Las acuarelas que guardaba en la cartera, entre los apuntes de unas clases a las que hacía días que no acudía, parecían pesar más allí que en la librería. Oteé el espacio para buscar un rincón tranquilo en el que poder sentarme y lo encontré en una de las esquinas contrarias de la plaza, con el fondo de un enorme mural que ilustraba el mar. En cuanto me senté en el suelo, apoyando la espalda contra la pared, saqué el cuaderno y las acuarelas con dedos temblorosos. Destapé el pequeño tarro de agua que llevaba siempre conmigo y dejé que el mundo se difuminara al humedecer el pincel. Fue como si todo a mi alrededor perdiera consistencia y se desvaneciera un poco, perdiendo opacidad.
No me di cuenta de su presencia hasta que se sentó a mi lado, sus rodillas pegadas a las mías y los ojos fijos en el dibujo. Aparté la mirada del boceto en el que había tratado de reflejar el ambiente acogedor de la librería.
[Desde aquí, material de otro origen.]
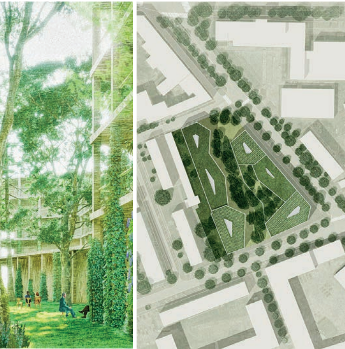
In der Stadtentwicklung setzt Klagenfurt auf Entsiegelung und mehr Grünräume. Das zeigt auch das kommende Wohnbauprojekt „Green Canyon“ am Gelände des alten Hallenbades. Visualisierungen: pentaplan ZT-GmbH

Antes de que Mark apareciera, casi podía sentir que seguía allí, que el viaje en metro no había sido más que una ensoñación.
—Hola —me saludó cuando lo miré—. ¿Qué tal estás?
Agité el pincel dentro del frasco de agua para quitarle los restos del último color y me encogí de hombros.
—Bien. —«Supongo», callé—. ¿Y tú?
—Bien.
Asentí, cruzando las manos por debajo de mis piernas, como si moviéndome pudiera deshacer la tensión que se había instalado entre nosotros. Todavía recordaba nuestro encuentro en la entrada de la Escuela y también la forma en la que hui, aunque él parecía haberlo olvidado y volvía a mostrar los hoyuelos de sus mejillas, hundiéndolas en una sonrisa.